Sunil Bhar is the director of Swinburne University’s Wellbeing Clinic for Older Adults support service and a co-author of the NHMRC study.

He says, while there were limitations to the study, including that the “methodological rigour wasn’t as strong” in some historic research that was reviewed, the message to emerge from it is clear.

“Psychological therapies were much more effective than usual care … We absolutely need to be offering more therapies,” he says.

“We know from this review and the experience that we’ve had over decades, psychological therapies do work.

“The review that we’ve conducted found that between two and 12 sessions might be sufficient to bring up an improvement, and that speaks to the feasibility of this particular approach.”

“For a long time, people living in residential aged care didn’t have access to the same funding to receive psychological therapy as others. And there’s still a disparity there around funding,” Professor Davison says.

Residents in aged care can access Medicare-subsidised therapy through a mental healthcare plan “only under quite specific circumstances”.

“You need to be referred by a psychiatrist and … unfortunately, very few people have access to a psychiatrist.”

Indeed, between 2012 and 2017, less than 3 per cent of Australian aged care residents with a mental health condition accessed Medicare-funded mental health services, including GPs, psychiatrists and allied health.

“There are some other [mental health] schemes available, but it’s very much at a small scale currently,” Professor Davison says.

“So we do need to look at how we can provide more funding and improve the access.”

“There’s a misperception out there that older people aren’t interested in psychological therapy; [that] maybe they don’t have the psychological insight or the cognitive flexibility to benefit,” Professor Davison says.

“But of course, this research and lots of research has found that that’s certainly not the case. Psychological therapy is just as effective with older people.”

She argues there’s a need for “better training of the mental health workforce in working with the older population, to increase the pool of specialists available to respond” and that “we also need to look at the skills within residential aged care facilities to detect and respond to residents with depression”.

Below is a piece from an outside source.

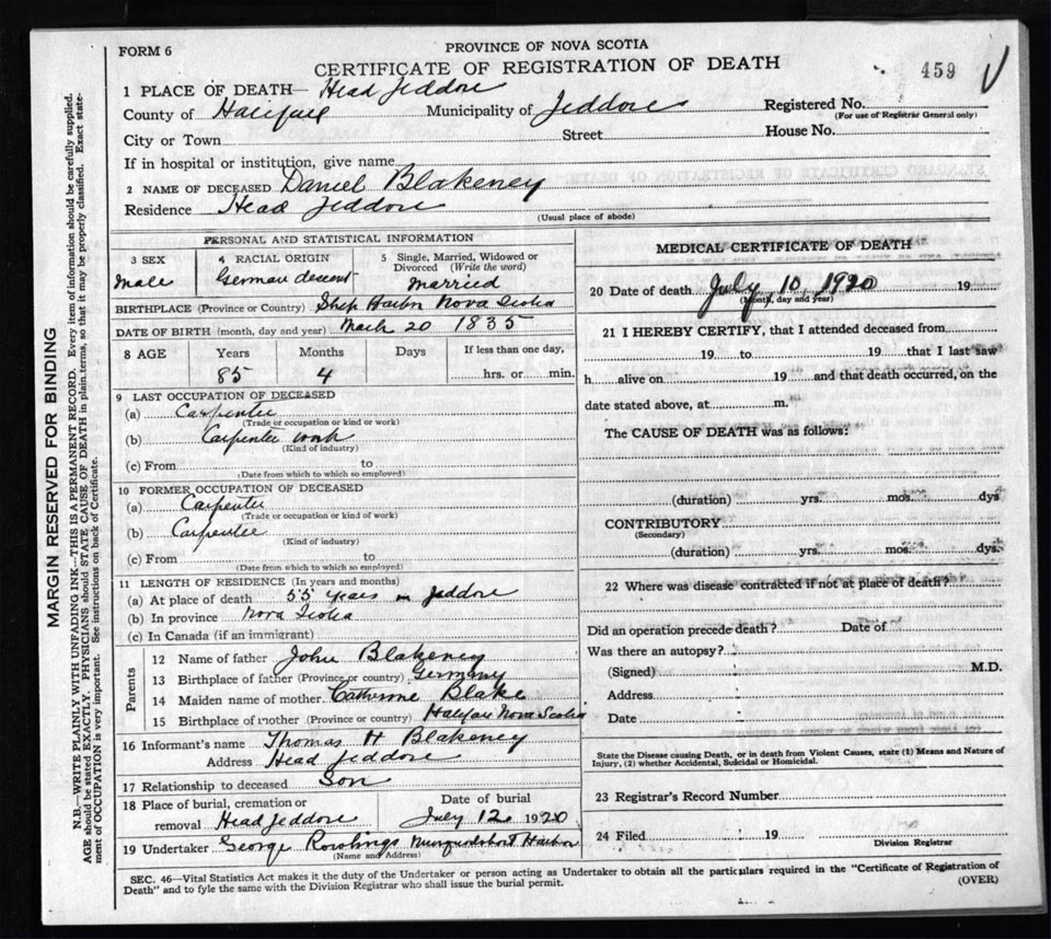 Death Registration: Year: 1920 file: 82 number: 459

“The aged care workforce has very poor training in mental health currently,” she says.
‘A desperate need’

Helen wants other aged care residents to have access to the same professional help she sought out for herself.

“I’ve felt very strongly that there is a desperate need for some sort of counselling … for people coming into aged care,” she says.

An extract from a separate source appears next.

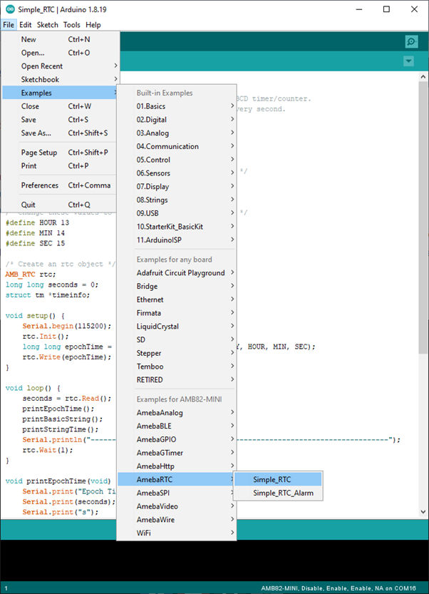 Then open the “RTC” example from File -> Examples -> AmebaRTC -> Simple_RTC

She believes there should be a national provision of counselling for people both before and after they move into an aged care residency.

She says for residents like her, depression has become normalised.

“It shouldn’t be normal,” she says.

Since the 2018 Royal Commission into Aged Care Quality and Safety, Professor Davison says there is “good awareness of the problem” of mental health among aged care residents.

In 2018 the federal government introduced the Improved Access to Psychological Services in Aged Care Facilities initiative, which Professor Davison says was “highly welcome and a step in the right direction”, but she notes “this is only providing services to around 3,000 Australians per year”.

She says the government is doing a huge amount of work to improve the quality of aged care and maintain staff.

“We’re in a period of major reform right across the whole aged care sector,” she says.

But there are potential shortcomings to that work, Professor Davison says.

“I haven’t seen a lot of focus around mental health.”

She says there are “some indications” that mental health will be a higher priority in the new set of quality standards that the government is currently developing for the aged care sector.

“The detail is not there yet. But, clearly there’s much more of a focus [on mental health] in these new proposed standards than we’ve seen before.

“So I’m hopeful that we’re on the right [path]. What a great opportunity right now, given the major reforms underway, to really get this right.”